Dienstag, 20. September 2011

Sittenwidrigkeit vs. Menschenrechte

Sexarbeiterinnen sollen gemäss der Kommission des Grossrats im Kanton Bern ihren Lohn rechtlich einfordern können.
Zurzeit gilt Prostitution in der Schweiz als Sittenwidrig, weshalb ein ganzer Berufszweig neben der sozialen auch massive rechtliche Diskriminierung erfährt. Die Sittenwidrigkeit wird damit begründet, dass niemand vertraglich zur Leistung von sexuellen Handlungen verpflichtet werden darf. Als Gegenstück dazu kann auch das Honorar nicht eingefordert werden. Da die Sexualität ein so sensibler Bereich ist, finde ich den ersten Teil absolut gerechtfertigt. Prostitution ist ein Beruf, aber keiner wie jeder andere- er braucht spezielle Schutznormen.

Diese sind aber nicht mit Repressionen zu verwechseln!! In Österreich müssen Prostituierte zum Beispiel gemeldet sein. Aufgrund der immer noch existierenden Stigmatisierung und dem faktisch fehlenden Datenschutz in diesem Bereich ist dies sehr problematisch. In der Vergangenheit ist es vorgekommen, dass die Polizei beim "bürgerlichen" Arbeitsplatz von Prostituierten vorbeigekommen sind um sie blosszustellen, wenn diese nicht erniedrigende Zwangsuntersuchungen über sich ergehen lassen wollten. Auch Erpressungen durch Personen, welche an die Meldedaten gekommen sind (Beamte oder Unbeteiligte), haben sich schon vielfach ereignet. Sexarbeiterinnen werden offiziell gebrandmarkt und haben es deshalb wesentlich schwerer einen Berufswechsel durchzuführen, obwohl letzteres ganz im Sinne von Prostitutionsgegnern sein sollte.

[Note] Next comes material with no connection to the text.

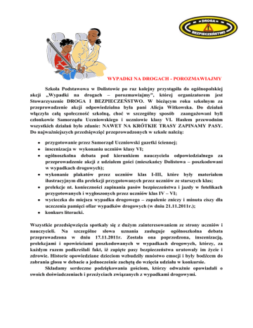 WYPADKI NA DROGACH - POROZMAWIAJMY Szkoła Podstawowa w Dolistowie po raz kolejny przystąpiła do ogólnopolskiej akcji „Wypadki na drogach – porozmawiajmy”, której organizatorem jest Stowarzyszenie DROGA I BEZPIECZEŃSTWO. W bieżącym roku szkolnym za przeprowadzenie akcji odpowiedzialna była pani Alicja Witkowska. Do działań włączyła całą społeczność szkolną, choć w szczególny sposób zaangażowani byli członkowie Samorządu Uczniowskiego i uczniowie klasy VI. Hasłem przewodnim wszystkich działań było zdanie: NAWET NA KRÓTKIE TRASY ZAPINAMY PASY. Do najważniejszych przedsięwzięć przeprowadzonych w szkole należą: przygotowanie przez Samorząd Uczniowski gazetki ściennej; inscenizacja w wykonaniu uczniów klasy VI; ogólnoszkolna debata pod kierunkiem nauczyciela odpowiedzialnego za przeprowadzenie akcji z udziałem gości (mieszkańcy Dolistowa – poszkodowani w wypadkach drogowych); wykonanie plakatów przez uczniów klas I-III, które były materiałem ilustracyjnym dla prelekcji przygotowanych przez uczniów ze starszych klas; prelekcje nt. konieczności zapinania pasów bezpieczeństwa i jazdy w fotelikach przygotowanych i wygłoszonych przez uczniów klas IV – VI; wycieczka do miejsca wypadku drogowego – zapalenie zniczy i minuta ciszy dla uczczenia pamięci ofiar wypadków drogowych (w dniu 21.11.2011r.); konkurs literacki. Wszystkie przedsięwzięcia spotkały się z dużym zainteresowaniem ze strony uczniów i nauczycieli. Na szczególne słowa uznania zasługuje ogólnoszkolna debata przeprowadzona w dniu 17.11.2011r. Została ona poprzedzona, inscenizacją, prelekcjami i opowieściami poszkodowanych w wypadkach drogowych, którzy, za każdym razem podkreślali fakt, iż zapięte pasy bezpieczeństwa uratowały im życie i zdrowie. Historie opowiedziane dzieciom wzbudziły mnóstwo emocji i były bodźcem do zabrania głosu w debacie a jednocześnie zachętą do wzięcia udziału w konkursie. Składamy serdeczne podziękowania gościom, którzy odważnie opowiadali o swoich doświadczeniach i przeżyciach związanych z wypadkami drogowymi.
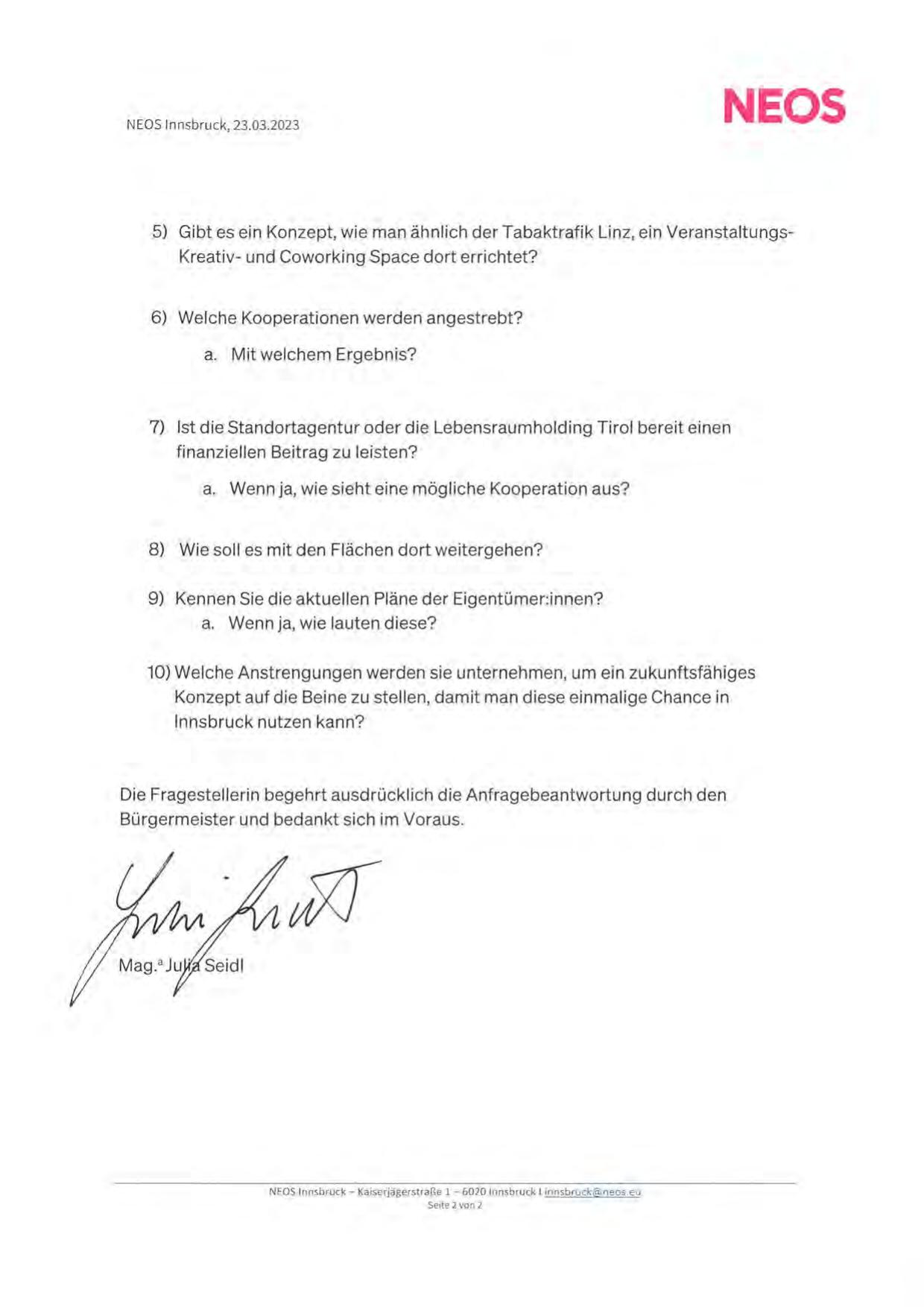 NEOS Innsbruck - Kaiserjägerstraße 1- 6020 Innsbruck I in nsbruc k@neos.eu

Es gibt eine vielzahl von Berufen, welche Sonderregeln brauchen, Sexarbeit ist damit nicht alleine. Wie ich in einem früheren Post geschrieben habe, sollten Prostituierte mit der neuen Regelung nicht zu sexuellen Handlungen verpflichtet werden, sondern das Honorar zurückgeben falls sie ihren Teil aus welchen Gründen auch immer nicht erfüllen können/wollen.

In der Praxis wird diese Regelung unbedeutend sein, da alle Sexarbeiterinnen ausser den unerfahrensten und gutgläubigsten/naivsten das Honorar vorher verlangen. Sie enthält allerdings eine wichtige Stellungnahme, nämlich dass die Rechte von Sexarbeiterinnen respektiert werden sollen wie diejenigen anderer Menschen auch.